That is WONDERFUL news!!!
My best tip (aside from swimming--I'm not a big swimmer and don't especially like water, but when I was pg with my first, from about five months along I was in the pool every day. It was just such a relief to be able to lift my knees and take that weight off):
You know how your hips start to hurt when the baby starts getting big? If you stand facing a wall or couch or something--something you can brace yourself on with your hands--your husband can come stand behind you and squeeze/push your hips together (like, push each in toward the center, toward each other). Instant break from the pain, and it takes a minute or two after he stops pushing for it come come back (and longer than that for it to be as bad as it was before). He might have to shift his hands around a bit to find the right spot, but once he does...so much better. I'm very petite, short-waisted with narrow hips, so my hips really hurt all the time, and this was the only thing that helped.

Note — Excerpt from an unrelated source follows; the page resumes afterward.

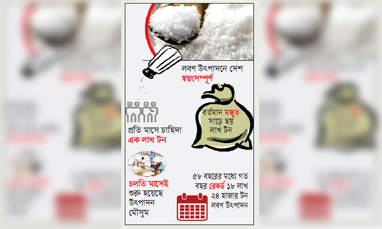 এছাড়া সারাদেশে বিভিন্ন লবণ কোম্পানির ডিলার, পাইকারি ও খুচরা বিক্রেতাদের কাছেও প্রয়োজনের অতিরিক্ত লবণ মজুদ রয়েছে। শিল্প মন্ত্রণালয় এক সংবাদ বিজ্ঞপ্তিতে জানায়, দেশে প্রতি মাসে ভোজ্য লবণের চাহিদা ১ লাখ টন। অথচ মজুদই আছে সাড়ে ৬ লাখ টন। এছাড়া চলতি নভেম্বর মাস থেকে লবণের উৎপাদন মৌসুম শুরু হয়েছে। এরই মধ্যে কক্সবাজার জেলার কুতুবদিয়া ও মহেশখালী উপজেলায় উৎপাদিত নতুন লবণও বাজারে আসতে শুরু করেছে। এ হিসাবে দেশে লবণের কোনো ধরনের ঘাটতি বা সংকট হওয়ার প্রশ্নই ওঠে না।
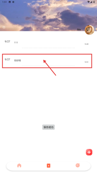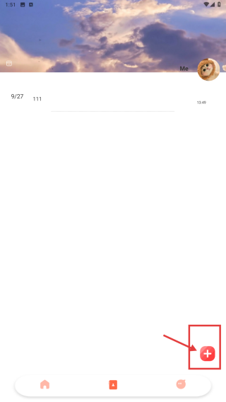 2、在日記頁(yè)面,點(diǎn)擊右下角紅色+號(hào),進(jìn)入寫日記界面。

Also, just in case, a tip from my best friend, who was (like me) put on full pelvic rest for part of her pregnancy: coconut oil apparently makes a great lubricant for handies. And, the real issue wrt full pelvic rest (aside from orgasms, which aren't allowed) is semen; it's some hormone or something in it that can trigger contractions. What you do with that info is up to you, of course; Bestie went the coconut oil route, whereas I went the once-a-month-with-a-condom route and turned the couch into a weekly Beej spot (I liked the couch because I could listen to the TV). (And if anyone is wondering...like I said above, women on full pelvic rest aren't supposed to be having orgasms, which also trigger contractions; my husband wasn't being selfish.)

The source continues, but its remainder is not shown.